Vertragsumgehung beim Tanz – zurück zu den Anfängen?

Im Normalvertrag Bühne sind in einem allgemeinen Teil und in den Sonderregelungen (SR) Tanz die Vergütung und der Dienstablauf der Tanzgruppenmitglieder festgelegt. Danach bestimmen sich die einzelvertraglichen Vereinbarungen zwischen der Bühnenleitung auf der Arbeitgeberseite und dem Tanzgruppenmitglied auf der Arbeitnehmerseite. Ausschlaggebend für das Zustandekommen eines Engagements sind die Ballett- bzw. die Tanztheaterdirektionen. Bei ihnen liegt die Verantwortung über die Ausgestaltung der Arbeitsverträge der Tänzerinnen und Tänzer am Theater. Vom Vertragsrecht her wären also die Beschäftigungsverhältnisse klar geregelt. „Wären“ – wenn die Tanzgruppen nicht seitens der Rechtsträger der Theater unter einen extrem hohen Anforderungsdruck gestellt würden. Dieser erwächst aus den Einsparungsauflagen, die oft zuerst an dieser Kunstgattung angesetzt werden. Sie scheint vielen Theaterverantwortlichen in den Kulturausschüssen aber auch an den Bühnen am ehesten entbehrlich.

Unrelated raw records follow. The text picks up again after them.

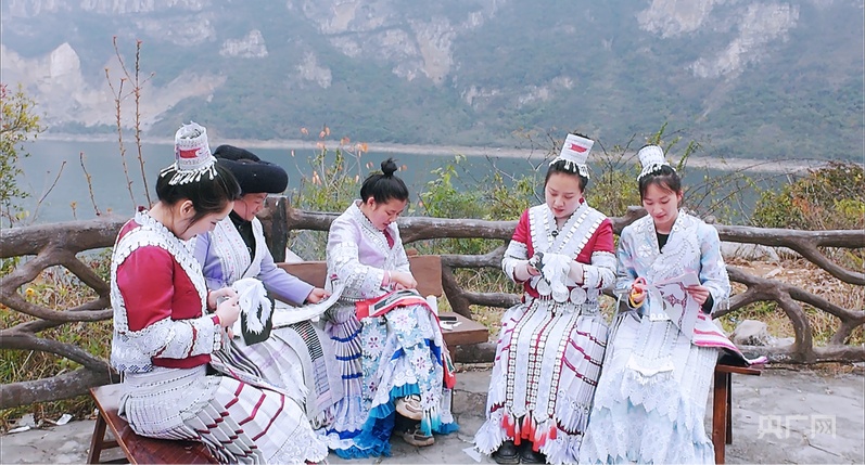 “出山‘手扒巖’、喝水江邊背、住著茅草屋,這曾是我們村的真實寫照。”繡娘楊文麗介紹,當時道路不通,游客也少,繡品運不出去,銷量很不樂觀。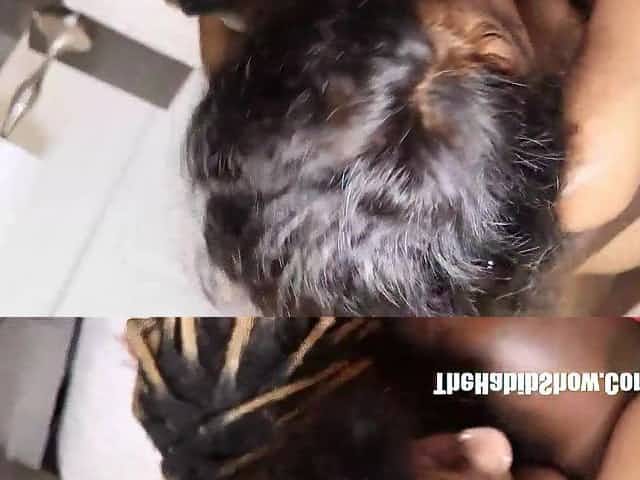 Super petite ebony 20yo gal sucks a huge ebony weenie! - black porn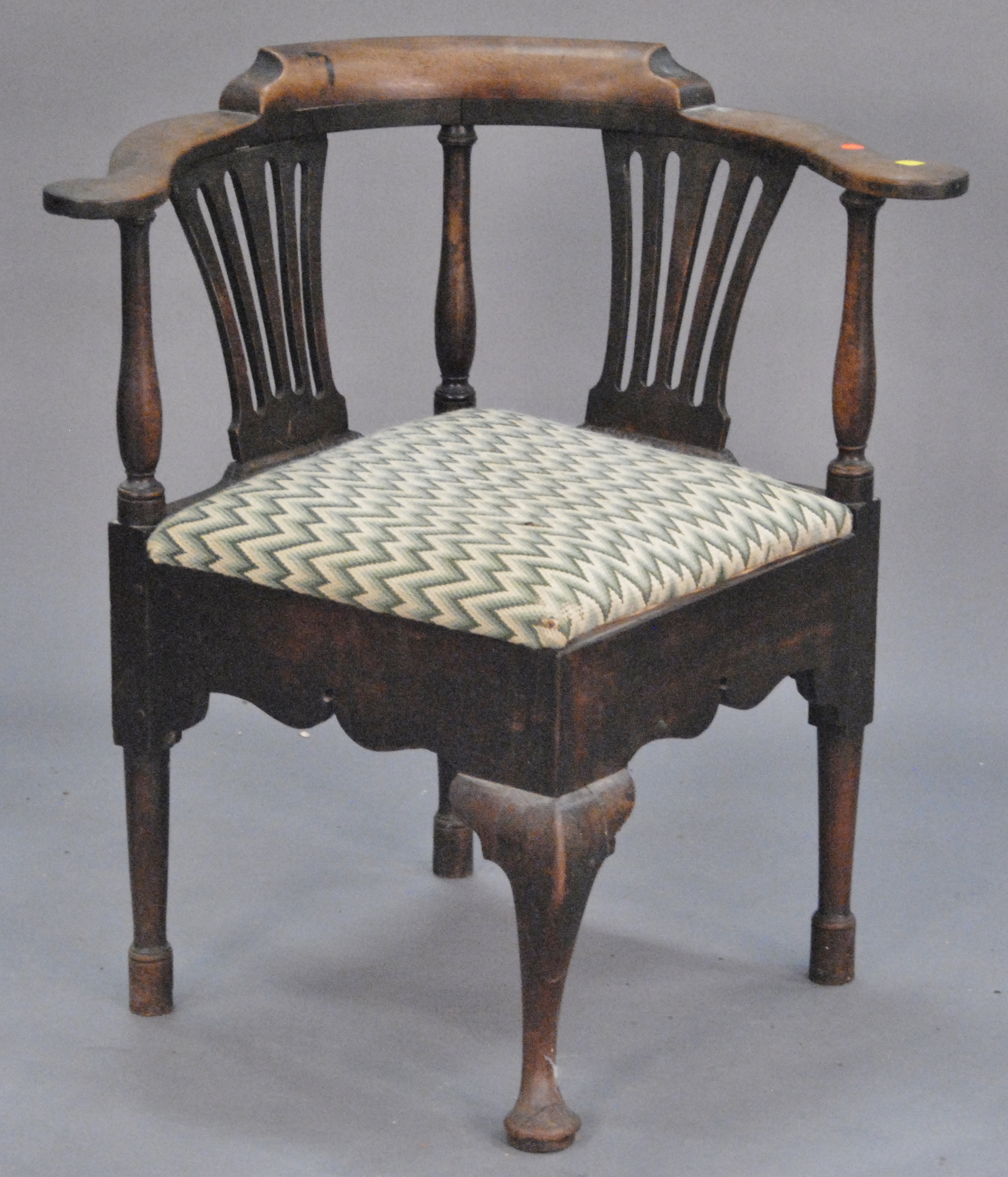 George II mahogany corner chair with pierce carved back, scalloped skirt and cabriole leg ending in pad feet. seat ht. 17 in. Provenance: Property from The Estate of Margaret Oliphant of Old Lyme, Connecticut

Eingriffe in die Tanzensembles erfolgen trotz des hohen Aufmerksamkeitswertes, den die Kunstgattung Tanz in der Öffentlichkeit erfährt, nicht zuletzt auch durch die Förderung über die Kulturstiftung des Bundes.

Die Kürzungen im Personaletat einer „Tanzgruppe“, „Tanzkompanie“ oder eines „Tanztheaters“ wirken sich unmittelbar auf den Dienstbetrieb aus. Fallen Personalstellen weg, hat das Auswirkungen auf die Produktionsverhältnisse. Um einen hohen künstlerischen Standard zu halten – oder zu gewinnen –, ist die Versuchung groß, vom tarifvertraglich vorgezeichneten Weg der Tugend abzuweichen. Zur rechtlich unzulässigen Vertragsverletzung zu greifen, um den Stelleneinbruch mit einer Vertragsumgehung zu überbrücken. Das beginnt bereits mit einer begrifflichen Umwidmung: Die Tanzgruppe des Theaters wird zum „Tanztheater“ ernannt und das Tanztheater zur neuen Kunstgattung erhoben. Eine Entwicklungsrichtung, gegen die nichts einzuwenden wäre, würde sie nicht zur Umgehung des geltenden Vertragsrechts an den Bühnen missbraucht. Tanzgruppenmitglieder, die unter dem Stichwort „Tanztheater“ hochgradig gefordert werden, engagiert man nicht mehr nach dem NV Bühne SR Tanz, sondern nach dem NV Bühne SR Solo. Sicherheitshalber wird in die Solo-Verträge noch ein Zusatz aufgenommen, der zur Mitwirkung in der Gruppe verpflichtet.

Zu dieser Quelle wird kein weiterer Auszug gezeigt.